When the details were run through a Monte Carlo simulator, they revealed the frightening reality many Americans face, Adams said.

“When we look at the current scenario given these inputs, we can see that our clients currently have just a 59% probability of success of funding all of their expenses throughout their retirement,” he said.

Anything below a 70% to 75% probability of success could require clients to adjust their plan in more than one way if they want more acceptable odds, he said. Therefore, solving for this shortfall can be a two-, three- or four-step process.

But it is possible to “fix” a client’s portfolio so they can enter retirement confident that they will not have to resort to working longer or reducing their already modest spending.

“Obviously, when we talk about working longer and spending less, those aren’t very positive conversations to have,” he said. “What we need to focus on is becoming as efficient as possible with their assets.”

The Cost Of Doing Nothing
Over time (barring any dramatic change in their circumstances), the clients in Adams’s example face total expenses of $7.5 million during the years when they’re between ages 65 and 94. Their Social Security, which begins when they are 70, will end up contributing around $3.9 million, which is only about 52% of the total income they need. The remaining $3.6 million would have to be covered by their investment portfolio.

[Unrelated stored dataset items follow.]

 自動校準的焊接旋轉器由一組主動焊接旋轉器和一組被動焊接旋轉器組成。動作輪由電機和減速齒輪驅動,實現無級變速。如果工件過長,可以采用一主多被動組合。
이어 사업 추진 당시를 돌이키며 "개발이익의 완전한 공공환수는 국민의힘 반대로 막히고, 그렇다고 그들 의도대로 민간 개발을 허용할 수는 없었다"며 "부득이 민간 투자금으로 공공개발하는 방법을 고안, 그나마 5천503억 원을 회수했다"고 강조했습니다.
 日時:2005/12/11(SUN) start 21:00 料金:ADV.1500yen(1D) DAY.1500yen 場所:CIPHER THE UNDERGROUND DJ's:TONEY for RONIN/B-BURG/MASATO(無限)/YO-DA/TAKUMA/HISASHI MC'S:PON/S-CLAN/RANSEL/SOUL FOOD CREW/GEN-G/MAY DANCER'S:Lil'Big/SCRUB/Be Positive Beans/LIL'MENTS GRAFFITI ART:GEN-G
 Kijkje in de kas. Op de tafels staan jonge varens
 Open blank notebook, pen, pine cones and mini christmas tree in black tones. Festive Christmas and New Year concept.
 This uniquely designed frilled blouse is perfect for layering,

If the clients live as long as they hope to but their portfolio performs below average, unfortunately it would cover expenses only until they’re 85 years old, Adams said, and by the time the second spouse dies at 94, he or she will come up short by more than $800,000.

 

“As we know when we have an investment portfolio, it’s susceptible to things like market risk and interest rate risk,” he said. “We see spikes in volatility that could really scare our clients if we see a massive drop in a given year. So we want to increase those guaranteed inflows and not have to rely so heavily on their investment portfolio to cover their expenses.”

Finding The Fix
Adams ran through several options to improve the clients’ situation.

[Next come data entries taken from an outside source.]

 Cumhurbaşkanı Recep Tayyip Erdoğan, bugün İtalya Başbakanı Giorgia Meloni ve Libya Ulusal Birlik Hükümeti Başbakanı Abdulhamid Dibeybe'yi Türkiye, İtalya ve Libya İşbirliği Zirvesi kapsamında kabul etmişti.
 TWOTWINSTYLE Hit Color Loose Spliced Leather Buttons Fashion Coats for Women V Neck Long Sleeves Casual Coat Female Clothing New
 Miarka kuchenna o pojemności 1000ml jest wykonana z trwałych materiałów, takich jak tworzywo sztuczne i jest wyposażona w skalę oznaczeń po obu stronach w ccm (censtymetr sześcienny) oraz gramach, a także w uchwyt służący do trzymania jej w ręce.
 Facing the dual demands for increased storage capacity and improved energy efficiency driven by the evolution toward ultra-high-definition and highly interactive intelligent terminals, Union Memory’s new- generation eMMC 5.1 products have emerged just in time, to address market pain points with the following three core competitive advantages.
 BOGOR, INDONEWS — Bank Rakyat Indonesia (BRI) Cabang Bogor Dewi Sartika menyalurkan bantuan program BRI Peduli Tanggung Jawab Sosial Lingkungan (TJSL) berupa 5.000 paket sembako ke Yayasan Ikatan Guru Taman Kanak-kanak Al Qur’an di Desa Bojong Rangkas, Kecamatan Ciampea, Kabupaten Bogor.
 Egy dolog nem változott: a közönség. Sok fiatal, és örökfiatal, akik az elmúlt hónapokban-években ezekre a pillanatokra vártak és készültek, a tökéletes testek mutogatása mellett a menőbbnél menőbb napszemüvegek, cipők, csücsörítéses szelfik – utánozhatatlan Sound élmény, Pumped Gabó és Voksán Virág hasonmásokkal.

One is a scheduled conversion of $300,000 to a Roth. Another is a $300,000 investment in a registered index-linked annuity (RILA) with an increasing income stream. And a third option was to do both at the same time but separately, with $600,000.

This strategy helped the couple with their expenses by reducing taxes or increasing income (or both). However, the maximum benefit occurred when Adams combined the Roth and the RILA into a single instrument.

In this approach, the client purchases the RILA with an increasing income stream for $300,000, and then does the Roth conversion from within the RILA. From the time they are age 58 to 62, the client converts $60,000 a year to the Roth inside the annuity to even out the tax bill and avoid the two-year Medicare look-back period.

The process involved in this approach, Adams said, is to

• Create a qualified RILA;

• Transfer $300,000 from the clients’ 401(k) to the RILA;

• Create a Roth IRA portion of the RILA (where the distributions are changed from ordinary income to tax-free income);

• Set up the installment schedule to fund that over the next five years; and

• Take the distributions from the Roth portion of the RILA.

“Now we’re becoming tax efficient with that annuity by making all of the distributions from that annuity during our clients’ retirement completely tax-free,” Adams said. “Our probability of success has now jumped from 59% up to 87% by being smart with our distributions, and by tying our tax-diversified income into our inflation hedge.”

The total expenses are now $7 million and the guaranteed income is $5.2 million, leaving just $1.8 million to be funded by the portfolio—far less than the $3.6 million the clients started at.

And even with the worst-case, below-average market assumption, the clients would be able to leave almost $500,000 at the end of their lives to a beneficiary. They could leave almost $1.6 million behind for heirs if the market performed at its average.

“That’s off of a $300,000 transfer to the registered index-linked annuity where it provides an inflation hedge with tax diversification within our drawdown strategy,” he said. “It’s definitely something from an advisor’s standpoint where you can show the value that you’re providing to the client’s financial plan.”